# Task goal
Each line from the top of the listing down to and including the line with "Будьте первым, кто" must be duplicated exactly; pictures are to be skipped.

# Given material

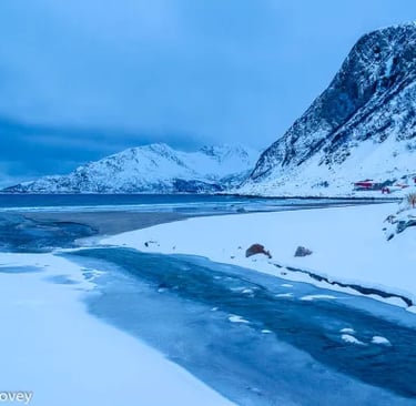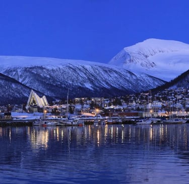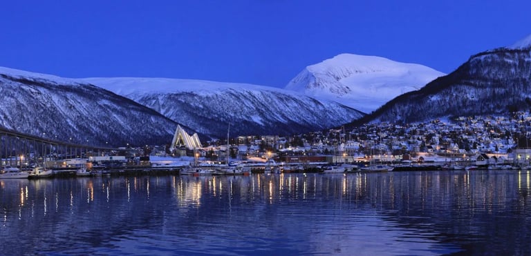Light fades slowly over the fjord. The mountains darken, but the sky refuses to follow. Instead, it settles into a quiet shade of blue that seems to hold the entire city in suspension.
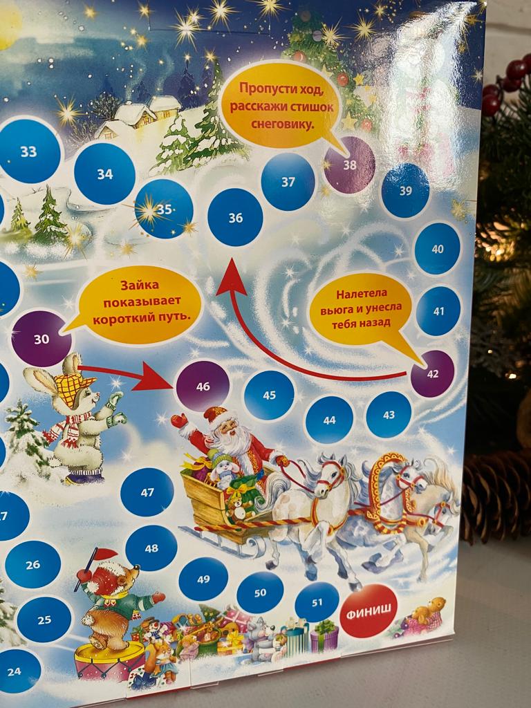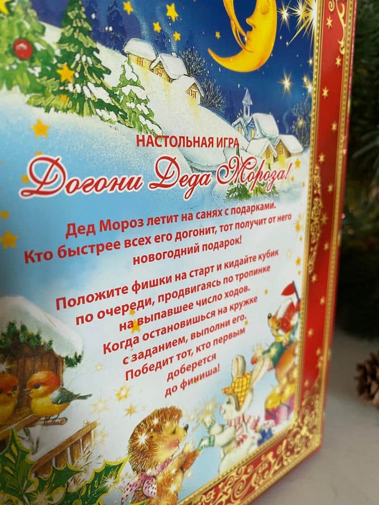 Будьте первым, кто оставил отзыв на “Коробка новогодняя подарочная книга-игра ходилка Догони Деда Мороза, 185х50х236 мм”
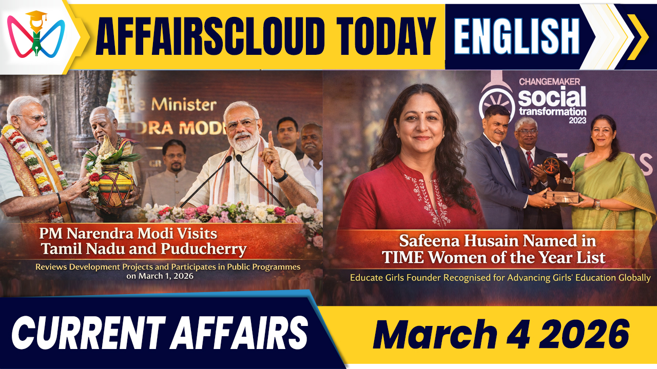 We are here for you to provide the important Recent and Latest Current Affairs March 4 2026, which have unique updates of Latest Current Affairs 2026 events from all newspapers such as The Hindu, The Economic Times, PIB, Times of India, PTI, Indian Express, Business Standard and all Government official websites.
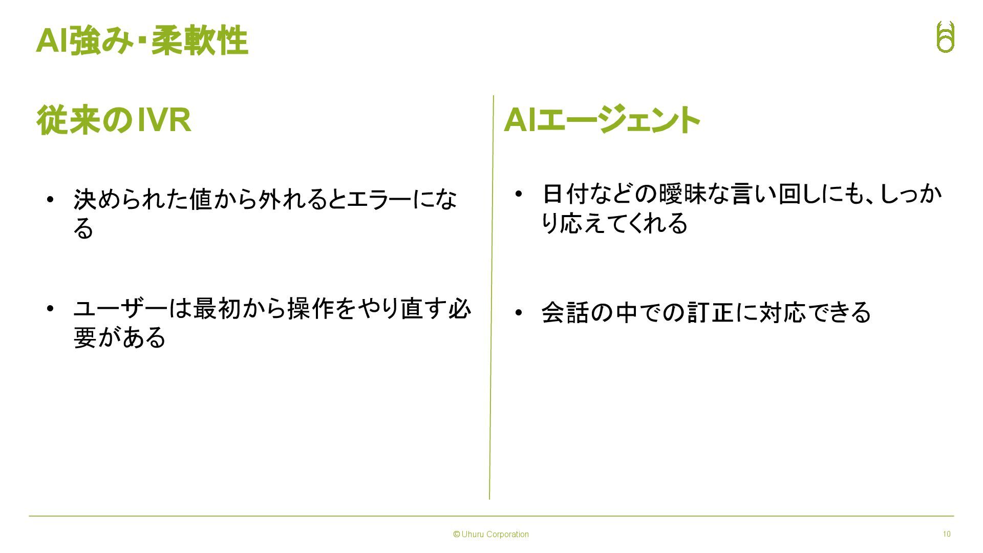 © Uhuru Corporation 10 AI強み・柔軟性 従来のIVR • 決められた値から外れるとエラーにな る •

# Answer section
Light fades slowly over the fjord. The mountains darken, but the sky refuses to follow. Instead, it settles into a quiet shade of blue that seems to hold the entire city in suspension.
 Будьте первым, кто оставил отзыв на “Коробка новогодняя подарочная книга-игра ходилка Догони Деда Мороза, 185х50х236 мм”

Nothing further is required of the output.